Go ahead and rebuke someone…if you want to be stuck with them.

3 Pay attention to yourselves! If your brother sins, rebuke him, and if he repents, forgive him, 4 and if he sins against you seven times in the day, and turns to you seven times, saying, ‘I repent,’ you must forgive him.”

Luke 17:5   The apostles said to the Lord, “Increase our faith!” 

This is one of the few times in the Gospels where the disciples seem to know exactly what's going on. They understand the high calling of rebuke and forgiveness, and the burden seems too much to bear. So they ask for more faith. Henri Nouwen understood both the deep ask and profound connection worked in those of us who both confront and heal:

“Forgiveness is the name of love practiced among people who love poorly. The hard truth is that all people love poorly. We need to forgive and be forgiven every day, every hour increasingly. That is the great work of love among the fellowship of the weak that is the human family.” (Henri Nouwen, The Prodigal)

There is a kind of rebuke that is offered by Jesus against true enemies, demons, etc., and there is a kind of rebuke that the crowds seek to place on Jesus' disciples for ministering the Gospel. Both of which are different than the rebuke Jesus introduces into the Christian community in Luke 16. His instruction for the disciples is that for them, and for the little faiths they teach and over whom they watch, their rebuke is to be closely tied to their forgiveness. 

“But if among Christians even this is a sort of honor received, then perhaps it is not possible to rebuke without honoring the one we rebuke.”

The rebuke is for someone in a deep hole. They are more than in the weeds, they are hopeless to get themselves out. The Bible's word for rebuke here is an interesting one. It combines a word translated "honor" with a preposition, put upon. And so the implication is that one places a heaviness upon the one who is living/abiding in sin. So the calling of Christians is to lay heavy upon them the burden of repentance. But if among Christians even this is a sort of honor received, then perhaps it is not possible to rebuke without honoring the one we rebuke. It means that the rebuke must be personal, it must cost the one who rebukes. Because what they lay upon that person is their own breaking heart, when done well. It is an act of vulnerability for the one who rebukes. Of sadness, never of superiority. If the rebuke is done biblically, both are weighed down: one wears the millstone of rebuke, the other one wears the millstone of grief and prayer and hope. The one who rebukes, and the one who is rebuked, God help them -- they are stuck together. 

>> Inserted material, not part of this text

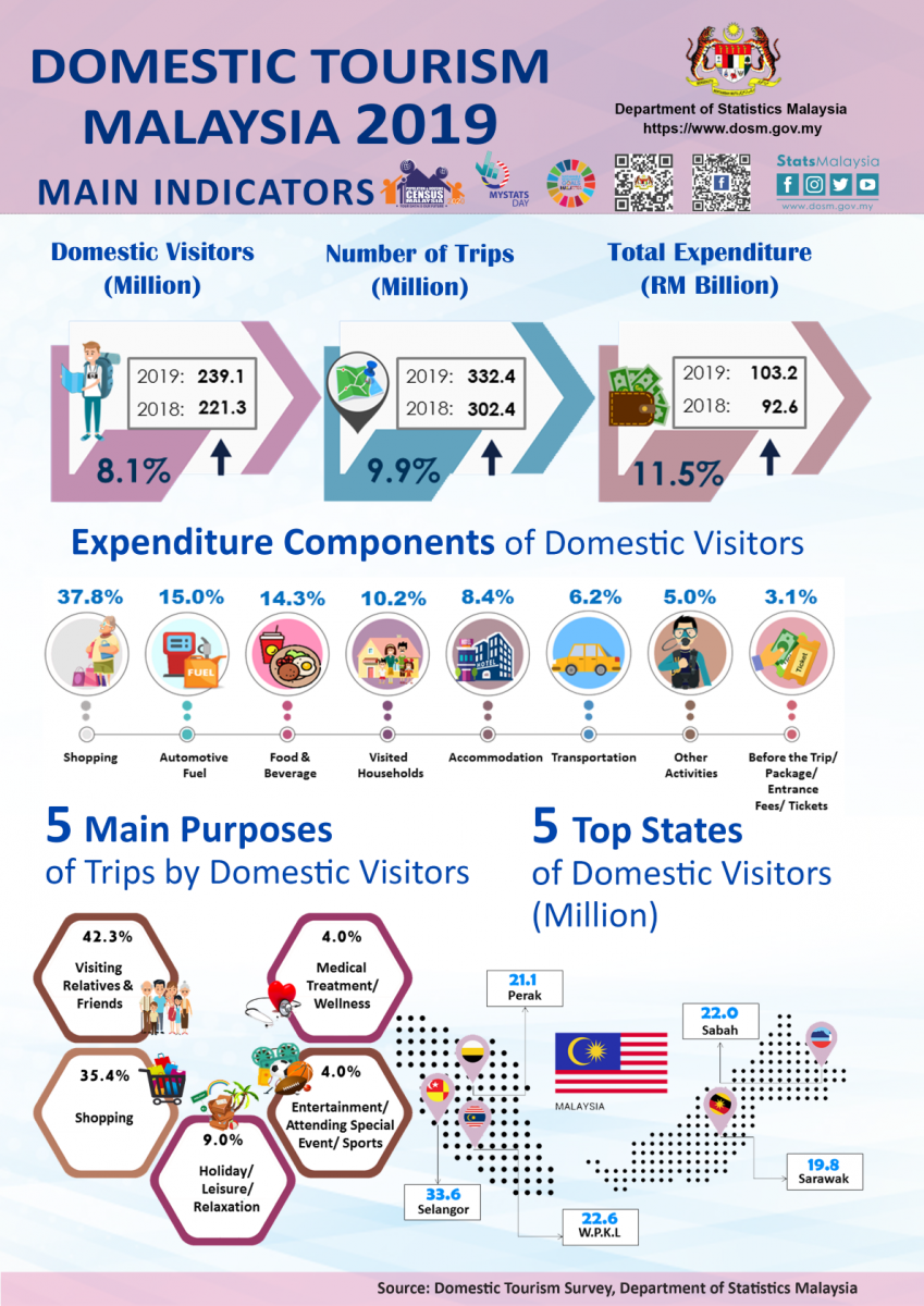 - Domestic tourism expenditure continued to register a double-digit growth with 11.5 per cent to RM103.2 billion in 2019 (2018: 11.4%).

“And the one who lifts the burden must pay attention that their forgiveness goes at least as far as the rebuke, ensuring that the burden of rebuke is not replaced by a burden of shame. ”

And then there's forgiveness: the language here makes these two terms companions to one another. The word for forgiveness is to lift away. To lift away what? The burden laid in rebuke. If someone who does not know me and has no responsibility to me forgives me, what does it mean? If the one who laid the rebuke on my shoulders, a rebuke burdened by their own broken hearts, and then they are the ones to tell me that the burden has been lifted, what a gift that is! These two must work together. And the one who lifts the burden must pay attention that their forgiveness goes at least as far as the rebuke, ensuring that the burden of rebuke is not replaced by a burden of shame. They must be not only forgiven but restored. Like God himself not only seeking out Adam and Eve in the Garden, but stripping away their false coverings and placing a greater clothing upon them. This is the Christian burden of rebuke and forgiveness.

Now, why is all of this so important? Because Luke has taught repeatedly that forgiveness and rebuke, forgiving one another, in particular, is one of the signs of the Kingdom of God's in-breaking. It is a sign that the Gospel is true and that darkness is not the last word. The rebuke|forgive relationship is the Gospel shown in miniature: we dramatize his redemption by the way we rebuke and forgive one another. The Cross is itself not one or the other but both.  The Cross of Christ lies heavy on us at great cost, showing our sin, and when we turn to it in repentance it is the means for our absolution, the lifting of our burden. And the Christ makes each of us little crosses for one another, to bear-away one another's hardheartedness and bear-to each other's great healing.